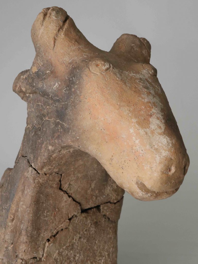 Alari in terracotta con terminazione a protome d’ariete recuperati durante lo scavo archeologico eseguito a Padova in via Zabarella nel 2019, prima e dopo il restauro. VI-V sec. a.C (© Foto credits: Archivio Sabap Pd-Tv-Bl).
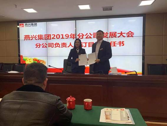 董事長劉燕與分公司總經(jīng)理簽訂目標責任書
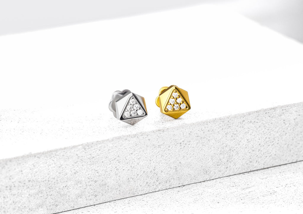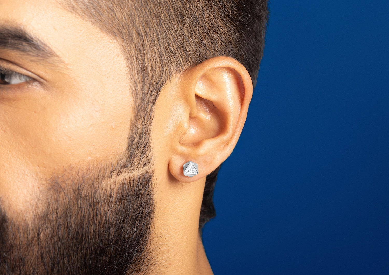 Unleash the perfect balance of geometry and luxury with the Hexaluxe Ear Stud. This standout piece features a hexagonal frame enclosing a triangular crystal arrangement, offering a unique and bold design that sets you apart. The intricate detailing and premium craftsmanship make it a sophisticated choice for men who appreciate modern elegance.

• [EXERCISE DESCRIPTION]
Output the complete listing exactly. Pictures stay out.

• [WRITTEN RESPONSE]
 Alari in terracotta con terminazione a protome d’ariete recuperati durante lo scavo archeologico eseguito a Padova in via Zabarella nel 2019, prima e dopo il restauro. VI-V sec. a.C (© Foto credits: Archivio Sabap Pd-Tv-Bl).
 董事長劉燕與分公司總經(jīng)理簽訂目標責任書
 Unleash the perfect balance of geometry and luxury with the Hexaluxe Ear Stud. This standout piece features a hexagonal frame enclosing a triangular crystal arrangement, offering a unique and bold design that sets you apart. The intricate detailing and premium craftsmanship make it a sophisticated choice for men who appreciate modern elegance.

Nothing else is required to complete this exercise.